• [Description of the task]
Each line from the one bearing "Weiche, geräumige Bauletto-Tasche, mit" through the last line of the entries below should be returned exactly, with pictures left out.
BEGIN The data
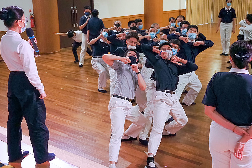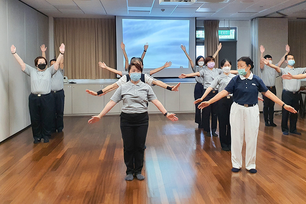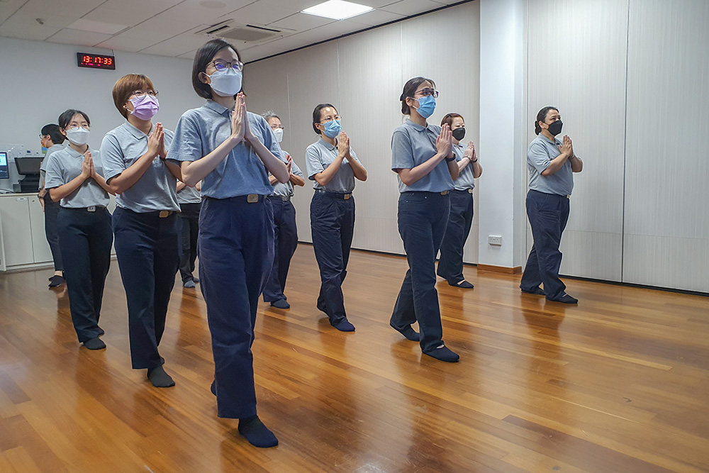 位于岛国北部的中医义诊中心职工,就联同两位西医部职工,趁午休空档练习;而两所幼教中心职工是趁每周五下班后的时段,紧锣密鼓排练。静思堂职工则是每周星期一、三、五,于午休的半小时空档练习。对很多参与过经藏演绎的职工来说,像今天这般反复微调姿势和表情,都是入经藏必经的“化城”。
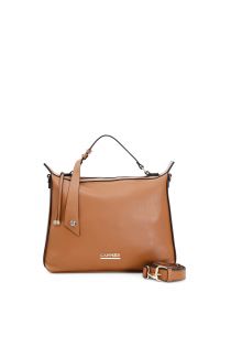 Weiche, geräumige Bauletto-Tasche, mit einem Anhänger mit Logo-Niete verziert
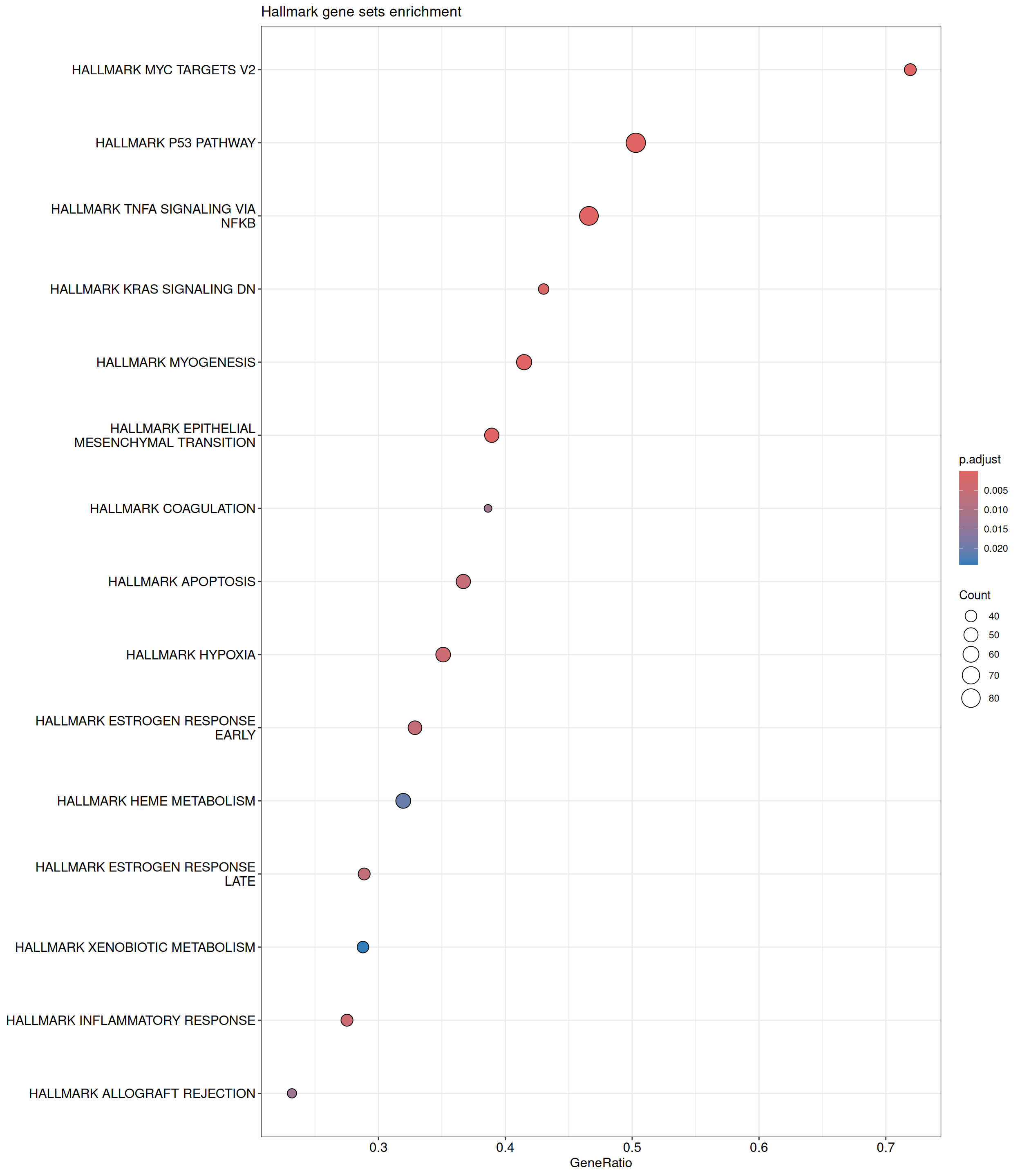 GSEA is performed using the Hallmark gene sets, which represent well-defined biological states and processes. The dot plot below displays all enriched Hallmark pathways. The size of each dot corresponds to the number of differentially expressed genes contributing to each pathway. Additionally, the color of each dot indicates the significance of the pathway’s enrichment, emphasizing its relative importance.
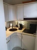 Cerankochfeld, Kühlschrank mit Gefrierfach, Gefrierschrank, Senseo-Kaffeeautomat, Korkenzieher / Flaschenöffner, Gewürze (Salz, Pfeffer, Zucker), Mülltüten
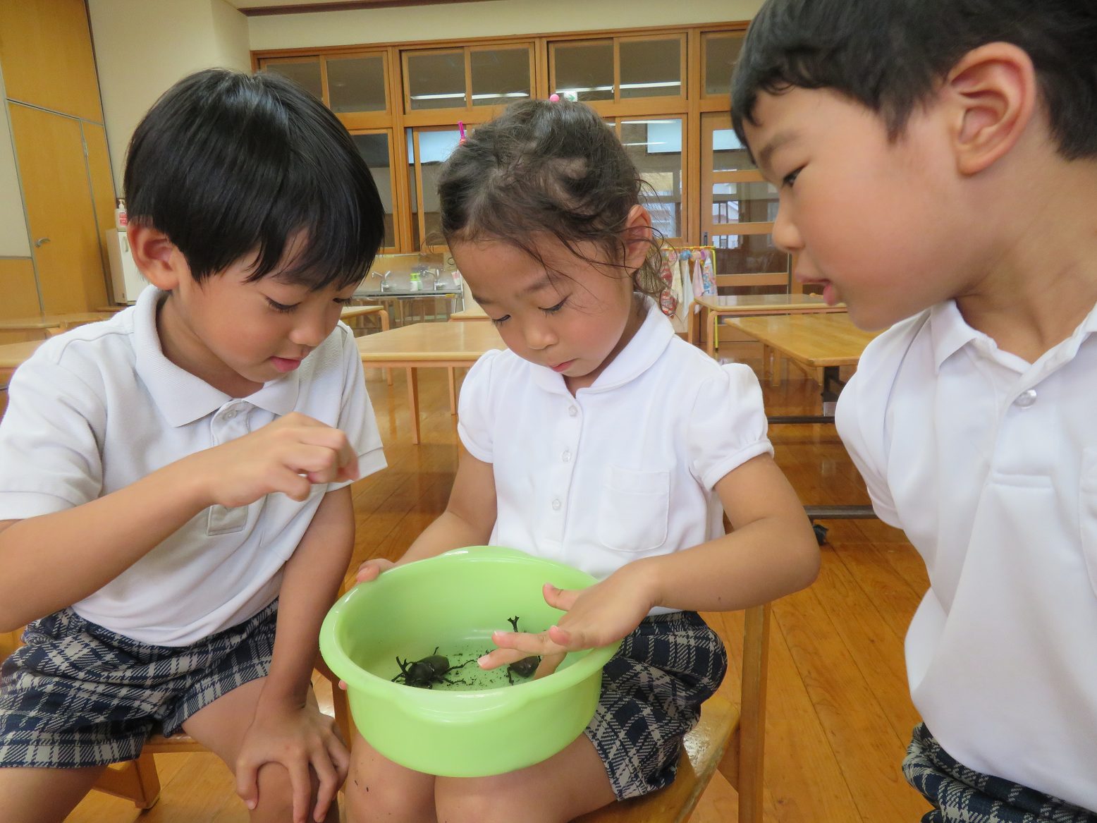 今週、きりん組にカブトムシがやってきました。
END The data
• [Answer section]
 Weiche, geräumige Bauletto-Tasche, mit einem Anhänger mit Logo-Niete verziert
 GSEA is performed using the Hallmark gene sets, which represent well-defined biological states and processes. The dot plot below displays all enriched Hallmark pathways. The size of each dot corresponds to the number of differentially expressed genes contributing to each pathway. Additionally, the color of each dot indicates the significance of the pathway’s enrichment, emphasizing its relative importance.
 Cerankochfeld, Kühlschrank mit Gefrierfach, Gefrierschrank, Senseo-Kaffeeautomat, Korkenzieher / Flaschenöffner, Gewürze (Salz, Pfeffer, Zucker), Mülltüten
 今週、きりん組にカブトムシがやってきました。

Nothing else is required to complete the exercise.